▶ [WHAT YOU WILL DO]: Nothing outside the lines below from the one containing "Electrified Peacock with" through the one containing "Funko Pop figure" is to be printed; print those exactly, ends included, and drop the pictures.

▶ [MATERIAL PROVIDED]:
::::::::

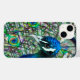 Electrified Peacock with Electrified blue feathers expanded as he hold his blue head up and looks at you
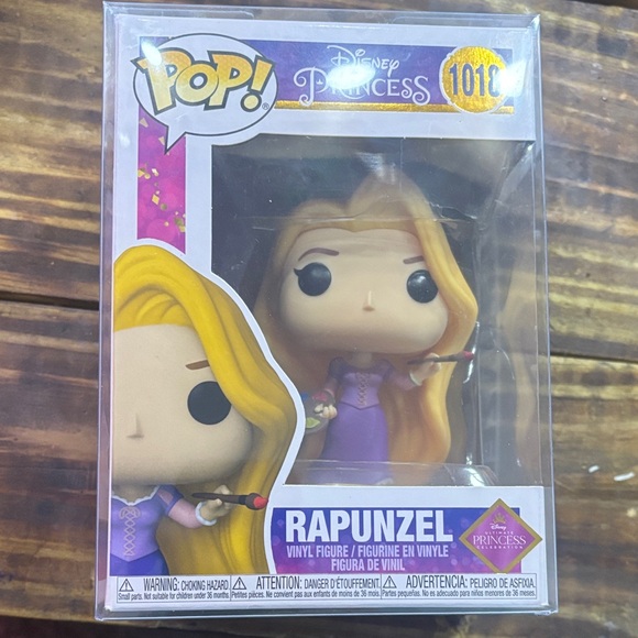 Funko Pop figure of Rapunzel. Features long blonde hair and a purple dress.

::::::::

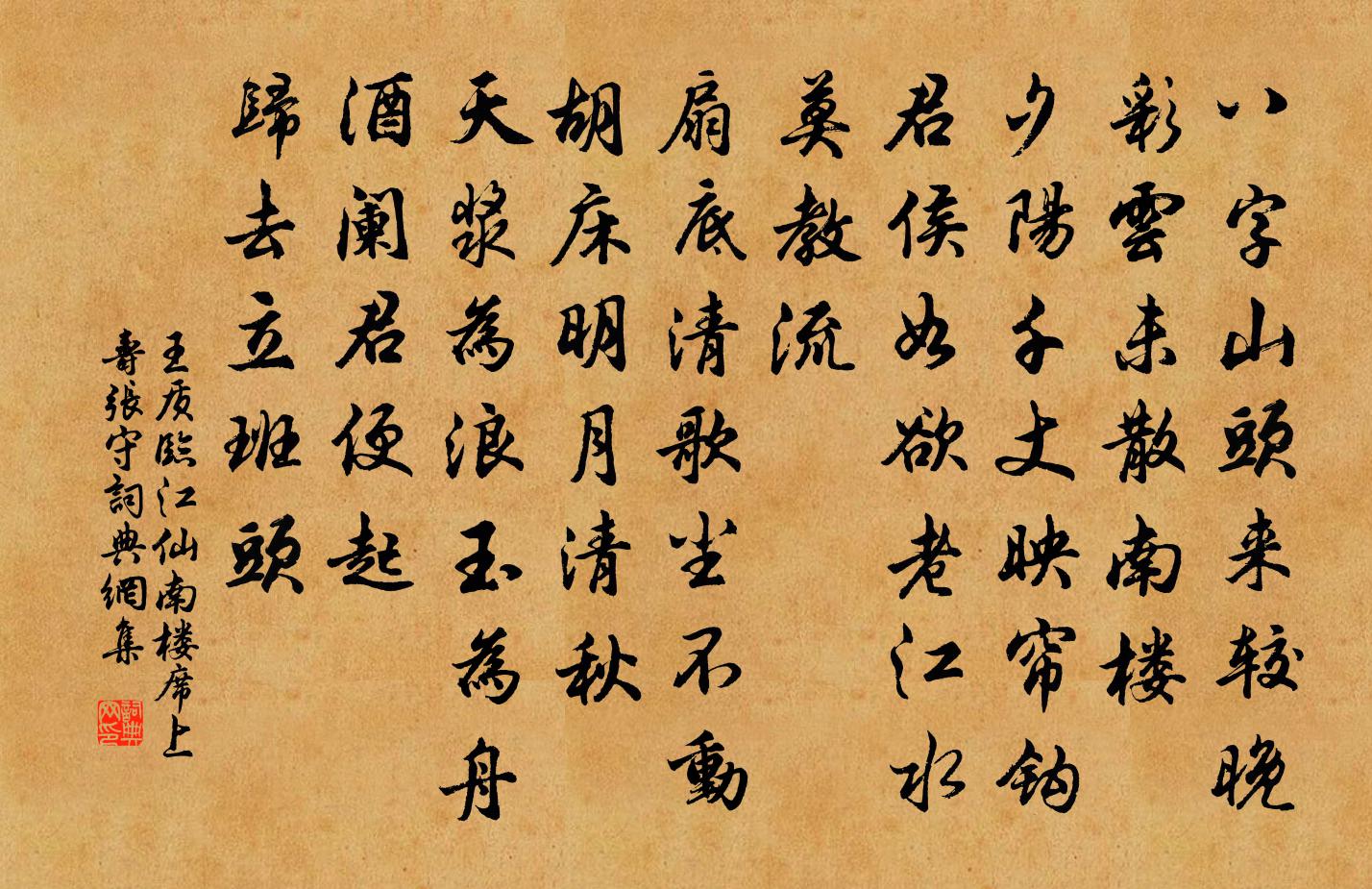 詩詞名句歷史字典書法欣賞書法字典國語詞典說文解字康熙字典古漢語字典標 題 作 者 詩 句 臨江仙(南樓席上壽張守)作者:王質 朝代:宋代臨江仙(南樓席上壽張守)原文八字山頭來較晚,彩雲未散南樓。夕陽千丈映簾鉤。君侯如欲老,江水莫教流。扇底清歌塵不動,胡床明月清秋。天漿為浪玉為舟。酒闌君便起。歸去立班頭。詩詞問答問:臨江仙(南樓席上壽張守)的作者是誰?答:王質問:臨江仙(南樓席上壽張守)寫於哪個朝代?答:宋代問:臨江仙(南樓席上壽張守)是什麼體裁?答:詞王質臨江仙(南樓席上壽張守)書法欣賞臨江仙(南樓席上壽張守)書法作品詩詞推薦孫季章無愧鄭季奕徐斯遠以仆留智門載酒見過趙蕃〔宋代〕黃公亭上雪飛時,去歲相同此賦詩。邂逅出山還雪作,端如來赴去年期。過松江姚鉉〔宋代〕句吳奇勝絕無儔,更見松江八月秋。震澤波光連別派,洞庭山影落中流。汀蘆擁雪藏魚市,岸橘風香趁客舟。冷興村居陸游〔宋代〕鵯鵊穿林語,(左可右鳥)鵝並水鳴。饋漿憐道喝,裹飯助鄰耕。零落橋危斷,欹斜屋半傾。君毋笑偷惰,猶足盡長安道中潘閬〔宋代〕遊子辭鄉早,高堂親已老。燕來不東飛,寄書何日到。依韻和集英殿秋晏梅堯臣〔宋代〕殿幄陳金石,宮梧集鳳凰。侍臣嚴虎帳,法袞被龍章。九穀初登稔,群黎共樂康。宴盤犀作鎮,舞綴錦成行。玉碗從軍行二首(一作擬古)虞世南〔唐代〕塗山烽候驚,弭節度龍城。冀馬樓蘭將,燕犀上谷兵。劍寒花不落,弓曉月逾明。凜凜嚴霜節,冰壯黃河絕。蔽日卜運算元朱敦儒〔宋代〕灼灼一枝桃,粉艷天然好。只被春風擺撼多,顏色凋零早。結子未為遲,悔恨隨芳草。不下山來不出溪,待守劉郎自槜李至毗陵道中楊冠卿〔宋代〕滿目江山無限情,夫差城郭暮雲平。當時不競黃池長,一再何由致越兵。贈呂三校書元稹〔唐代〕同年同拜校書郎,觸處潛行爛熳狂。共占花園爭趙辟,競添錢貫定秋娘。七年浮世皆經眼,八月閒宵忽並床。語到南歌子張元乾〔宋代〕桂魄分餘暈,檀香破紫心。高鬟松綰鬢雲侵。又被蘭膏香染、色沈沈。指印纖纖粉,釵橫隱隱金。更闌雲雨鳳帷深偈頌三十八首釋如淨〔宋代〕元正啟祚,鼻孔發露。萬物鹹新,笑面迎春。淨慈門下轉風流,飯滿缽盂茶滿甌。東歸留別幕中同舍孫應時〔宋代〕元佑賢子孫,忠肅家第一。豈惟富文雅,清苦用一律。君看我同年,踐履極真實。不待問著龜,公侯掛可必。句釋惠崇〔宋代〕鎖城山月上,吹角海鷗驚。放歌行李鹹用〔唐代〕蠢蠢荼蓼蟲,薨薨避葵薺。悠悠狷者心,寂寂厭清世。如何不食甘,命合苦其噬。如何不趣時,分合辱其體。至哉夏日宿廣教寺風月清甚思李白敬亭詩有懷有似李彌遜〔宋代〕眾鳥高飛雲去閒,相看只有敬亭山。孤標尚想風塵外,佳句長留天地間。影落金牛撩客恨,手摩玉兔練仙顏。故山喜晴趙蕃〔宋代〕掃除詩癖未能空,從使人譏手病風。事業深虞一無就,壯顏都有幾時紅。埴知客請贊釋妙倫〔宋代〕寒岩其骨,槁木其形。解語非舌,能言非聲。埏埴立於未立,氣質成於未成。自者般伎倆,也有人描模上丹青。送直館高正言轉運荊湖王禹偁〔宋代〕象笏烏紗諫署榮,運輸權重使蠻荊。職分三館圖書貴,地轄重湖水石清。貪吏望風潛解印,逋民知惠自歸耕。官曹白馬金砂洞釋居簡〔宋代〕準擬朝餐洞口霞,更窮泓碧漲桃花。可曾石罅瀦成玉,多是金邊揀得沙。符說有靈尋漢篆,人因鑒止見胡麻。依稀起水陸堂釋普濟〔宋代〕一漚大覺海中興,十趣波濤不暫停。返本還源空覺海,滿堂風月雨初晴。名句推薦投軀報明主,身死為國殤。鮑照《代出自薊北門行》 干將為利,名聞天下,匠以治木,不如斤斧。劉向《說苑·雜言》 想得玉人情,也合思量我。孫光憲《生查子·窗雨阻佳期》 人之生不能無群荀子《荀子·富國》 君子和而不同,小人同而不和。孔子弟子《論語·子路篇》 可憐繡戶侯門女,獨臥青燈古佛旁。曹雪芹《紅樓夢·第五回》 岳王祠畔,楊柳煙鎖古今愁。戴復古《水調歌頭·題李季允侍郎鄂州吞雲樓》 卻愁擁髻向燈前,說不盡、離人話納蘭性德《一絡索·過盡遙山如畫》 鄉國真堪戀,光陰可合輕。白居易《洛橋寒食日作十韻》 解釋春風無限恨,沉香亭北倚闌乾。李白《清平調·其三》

::::::::

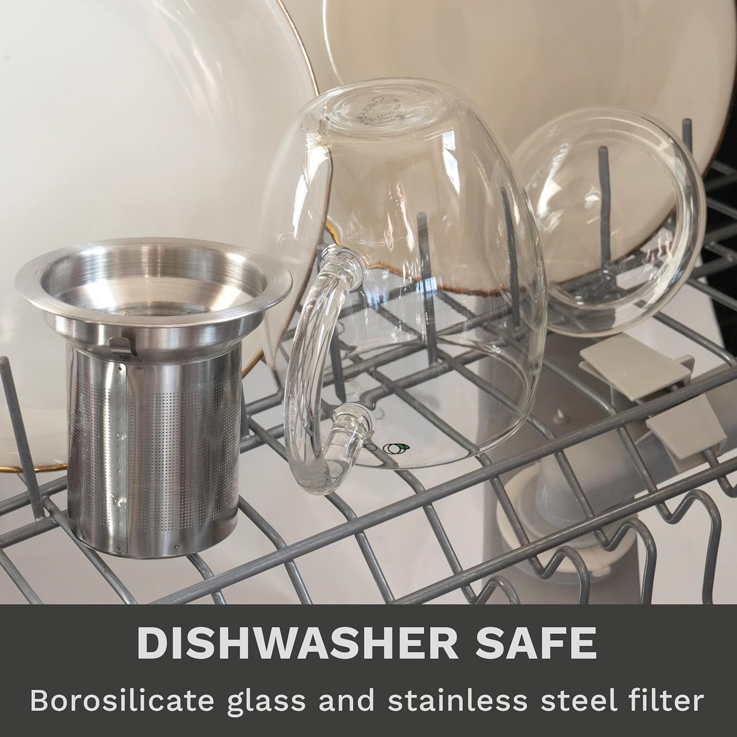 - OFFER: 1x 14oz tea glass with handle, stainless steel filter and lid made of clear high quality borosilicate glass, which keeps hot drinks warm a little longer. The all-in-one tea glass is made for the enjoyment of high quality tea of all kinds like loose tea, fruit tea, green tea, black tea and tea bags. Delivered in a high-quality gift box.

::::::::

▶ [ANSWER TO THIS TASK]:
 Electrified Peacock with Electrified blue feathers expanded as he hold his blue head up and looks at you
 Funko Pop figure of Rapunzel. Features long blonde hair and a purple dress.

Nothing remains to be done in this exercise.